Your best bets are Colin's scrypt paper and the original bcrypt paper; the
bcrypt paper is on the link at Coda Hale's "How To Store Passwords" article,
which you can find plastered all over this thread, and Colin's paper is at:

<http://www.tarsnap.com/scrypt/scrypt.pdf>

------
pragmatic
This article uses NTLM passwords.

Can anyone compare this to the actual MSFT recommended Kerberos security
protocol?

Also, how does one go about getting a list of NTLM passwords to work against?
You steal the domain controller or somehow get access to it?
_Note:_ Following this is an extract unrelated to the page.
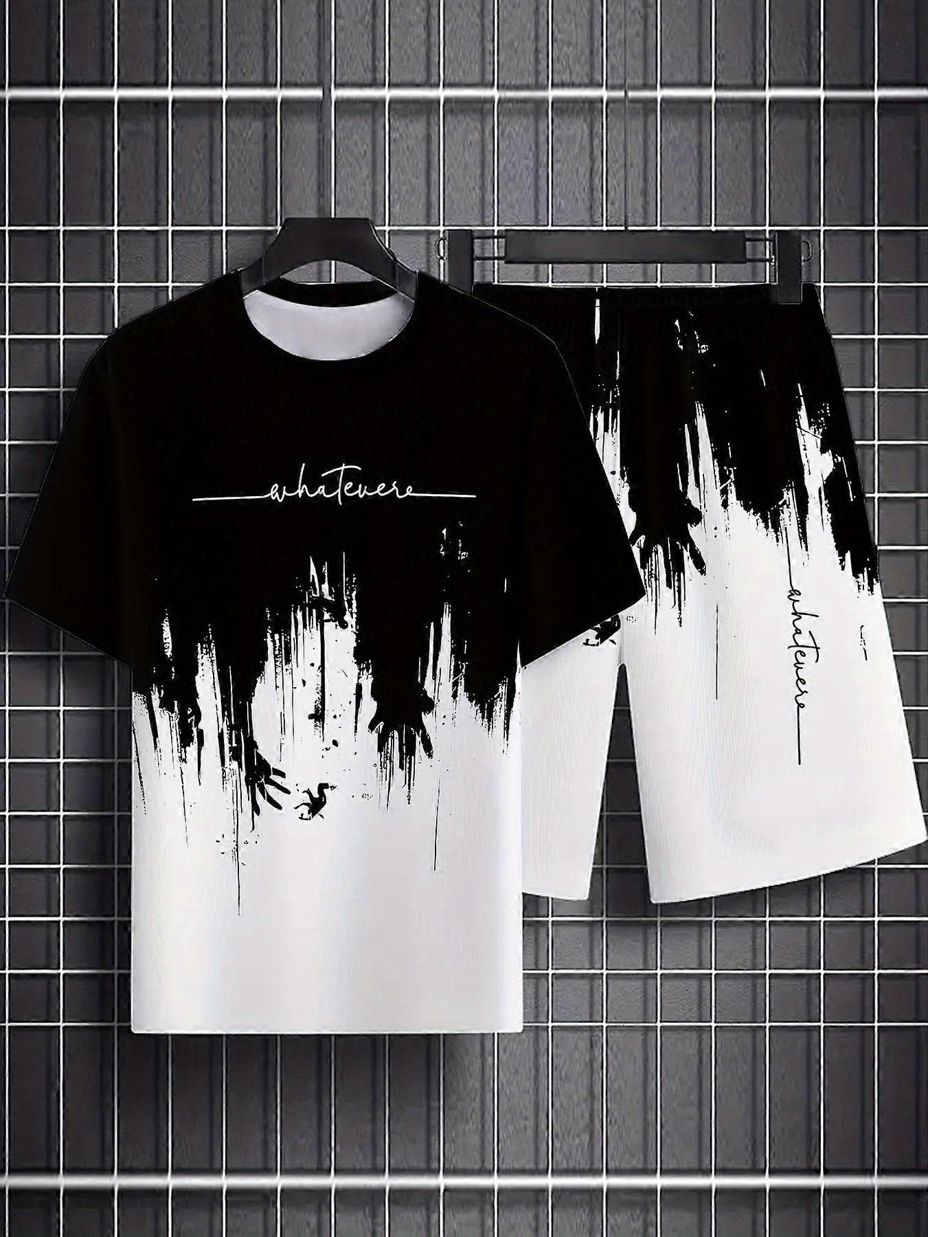 Men's summer fashion new letter ink print comfortable and breathable round neck T-shirt shorts set outdoor casual wear

<http://en.wikipedia.org/wiki/NTLM> MSFT does not recommend using NTML which
is very old.

[http://msdn.microsoft.com/en-
us/library/cc236715(v=PROT.10)....](http://msdn.microsoft.com/en-
us/library/cc236715\(v=PROT.10\).aspx)

Implementers should be aware that NTLM does not support any recent
cryptographic methods, such as AES or SHA-256. It uses cyclic redundancy check
(CRC) or message digest algorithms ([RFC1321]) for integrity, and it uses RC4
for encryption. Deriving a key from a password is as specified in [RFC1320]
and [FIPS46-2]. Therefore, applications are generally advised not to use
NTLM.<68>

------
brianbreslin
can't you design your software to prevent brute force logins? i.e. lockout for
x seconds if y unsuccessful login attempts are made?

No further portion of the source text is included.